The blind spot: what didn’t get captured
Reliable Plant makes the point bluntly: dashboards can look perfect while the real work is full of missing data.
Two common examples:
- Technicians do extra steps that never get written down. Your “completion” number still looks great.
- Work gets marked complete even when steps were skipped, because the system has no easy way to record “skipped” truthfully.
Source:
- Reliable Plant: What Your Maintenance Metrics Aren’t Telling You https://www.reliableplant.com/Read/33028/what-your-maintenance-metrics-arent-telling-you
What Voiz Report does differently
Voiz Report is not “a better weekly report.”
It’s a better input layer.
Instead of asking people to reverse-engineer the truth on Friday afternoon, Voiz Report makes it easy to capture the details at the moment they’re still clear:
- what was attempted
- what was skipped
- why it was skipped (no access, missing parts, safety lockout, time window, customer not ready)
- what the impact is
- what should happen next
The same pattern shows up across industries
Manufacturing and maintenance
Weekly report says:
- “PM compliance: 98%”
Voiz Report micro-report fields add:
- steps skipped (and which ones)
- reason for skip
- parts/tool not available
- coordination needed with operations
Now the number becomes actionable. You can fix planning, access, or unrealistic windows instead of blaming technicians.
Source:
- Reliable Plant: Work Management Discipline (close-out data is “gold” and drives improvement) https://www.reliableplant.com/Read/33027/work-management-discipline-for-maintenance-reliability
Logistics and network performance
In rail and terminal operations, even a simple metric like dwell time has a formal definition. It’s measured. It’s reported. It moves every week.

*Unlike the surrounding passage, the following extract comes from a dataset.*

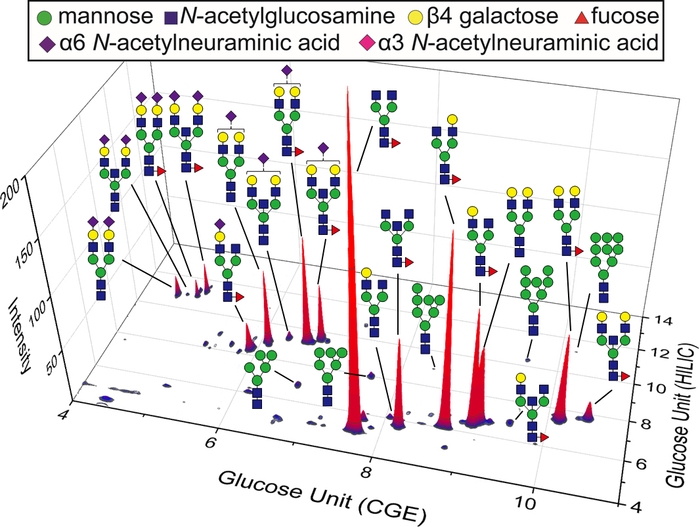 ●新たに開発した二次元分離技術により、微量糖鎖の網羅的な分析を実現

But the metric alone can’t tell you why dwell increased:
- yard congestion?
- a missed handoff?
- equipment down?
- paperwork or release delay?
Source:
- Supply Chain Dive: Tracking speed, dwell and cars of Class I railroads https://www.supplychaindive.com/news/railroad-speed-dwell-carsonline-bnsf-csx-up-cn-cp-kcs-ns/588233/
Retail and distributed operations
When companies try to standardize their operating model, the temptation is to standardize reporting too.
But standardizing the template is not enough if the inputs are still filtered.

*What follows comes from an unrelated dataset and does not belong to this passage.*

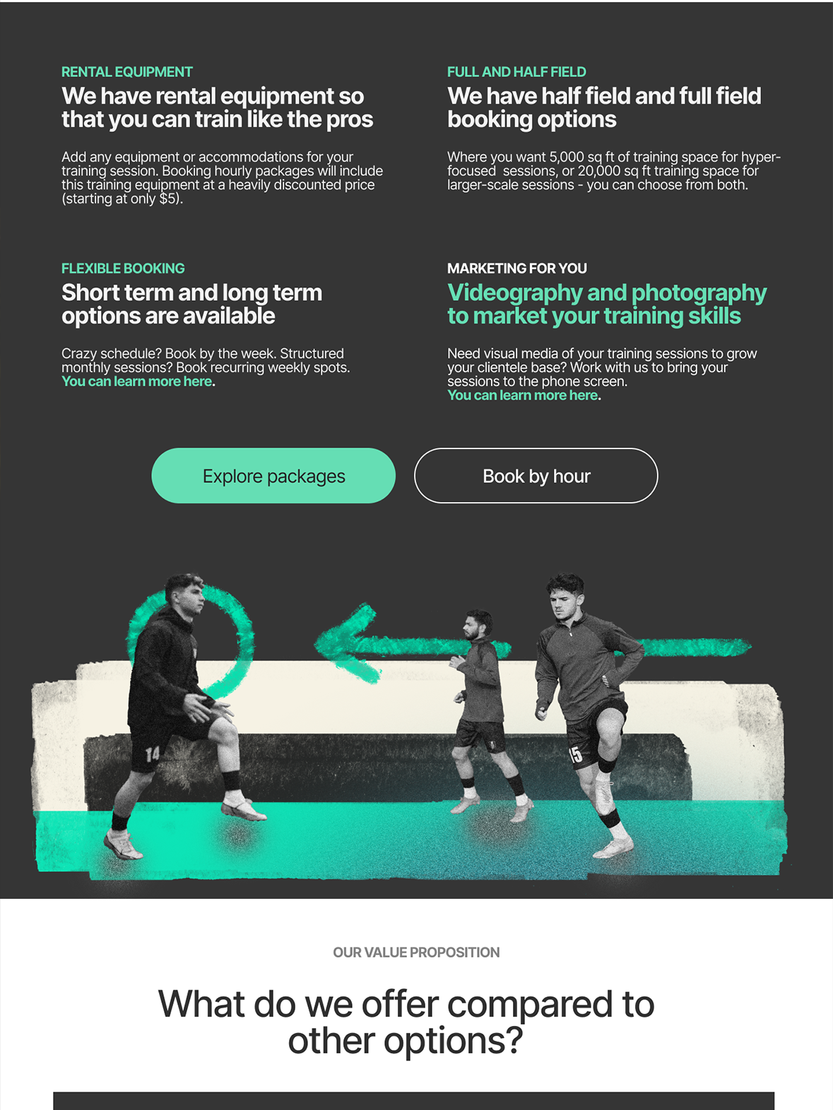 The client sought a website that would effectively promote their soccer training facility and connect with players, coaches, and trainers. The objective of this design was to create a visual identity that was simple, modern, and easy to navigate.

Voiz Report helps because it standardizes the fields without demanding that everyone becomes a good report writer. People can speak what happened, and the system turns it into consistent inputs.
Source:
- Supply Chain Dive: Target cuts 500 roles, primarily in supply chain (standardizing the field operating model) https://www.supplychaindive.com/news/target-layoffs-job-cuts-five-hundred-roles-supply-chain-store-payroll/811814/
Mini case study vignette: the “green dashboard” plant that kept breaking
A maintenance manager at a mid-size manufacturing plant had a dashboard that looked solid:
- PM completion was high
- backlog looked manageable
- weekly reports said “no major issues”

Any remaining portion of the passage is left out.